Niet in geschil is dat de paardenfokkerij blijkens het bedrijfsplan werk genereert voor meer dan één persoon, namelijk voor 1,75 Volwaardig Arbeidskracht. Voorts is niet in geschil dat [vergunninghouder] beschikt over tien hectare weidegrond, waarvan zeven hectare bij de voorziene paardenfokkerij. De raad heeft zich, gelet op de arbeidsomvang en de oppervlakte van de voor de voorziene paardenfokkerij beschikbare gronden, op het standpunt kunnen stellen dat het bouwplan voldoet aan de door hem gestelde voorwaarde dat er voldoende productieve werkgelegenheid voor ten minste één persoon moet zijn. Het antwoord op de vraag of [vergunninghouder] uit de paardenfokkerij een redelijk inkomen zal kunnen genereren en wat daaronder moet worden verstaan, is in dit kader niet relevant, nu de raad geen inkomenseis heeft gesteld. De rechtbank heeft, gelet hierop, terecht overwogen dat aan het rapport van GIBO van 16 april 2010 en de toelichting ter zitting door T. Rijpma, werkzaam bij Kalkulatiebureau Sneek B.V., geen betekenis toekomt.
Het betoog faalt.
2.4. Het hoger beroep is ongegrond. De aangevallen uitspraak dient te worden bevestigd.

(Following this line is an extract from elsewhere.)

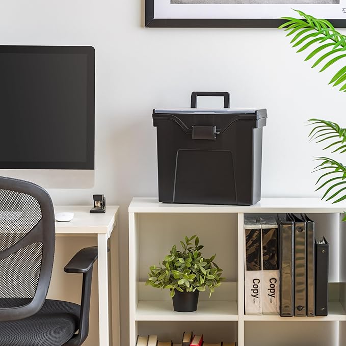 IRIS USA File Box Slim with Lid File Organizer for Letter File w/ Organizer-Lid, Water Resistant Document Box, Plastic Mobile Filing Organizer, Secure Buckle, Portable Handle, Lockable, Black 4 Pack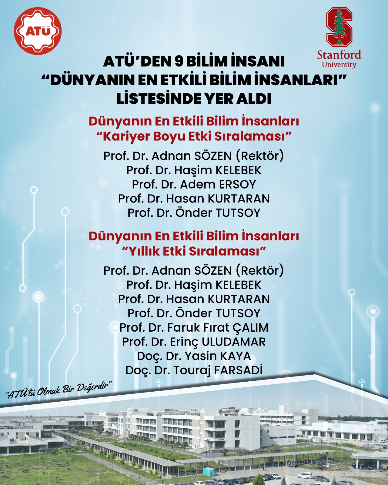 Stanford Üniversitesi ve Elsevier iş birliğiyle hazırlanan, bilim dünyasında saygın sıralamalardan biri olarak gösterilen bu listede ATÜ’den başta Rektör Prof. Dr. Adnan Sözen olmak üzere 9 akademisyen yer aldı.

2.5. Voor een proceskostenveroordeling bestaat geen aanleiding.
3. Beslissing
De Afdeling bestuursrechtspraak van de Raad van State
Recht doende in naam der Koningin:
bevestigt de aangevallen uitspraak.
Aldus vastgesteld door mr. J.H. van Kreveld, voorzitter, en mr. S.F.M. Wortmann en mr. Y.E.M.A. Timmerman-Buck, leden, in tegenwoordigheid van mr. M. Kos, ambtenaar van staat.
w.g. Van Kreveld w.g. Kos
voorzitter ambtenaar van staat
Uitgesproken in het openbaar op 7 december 2011
580.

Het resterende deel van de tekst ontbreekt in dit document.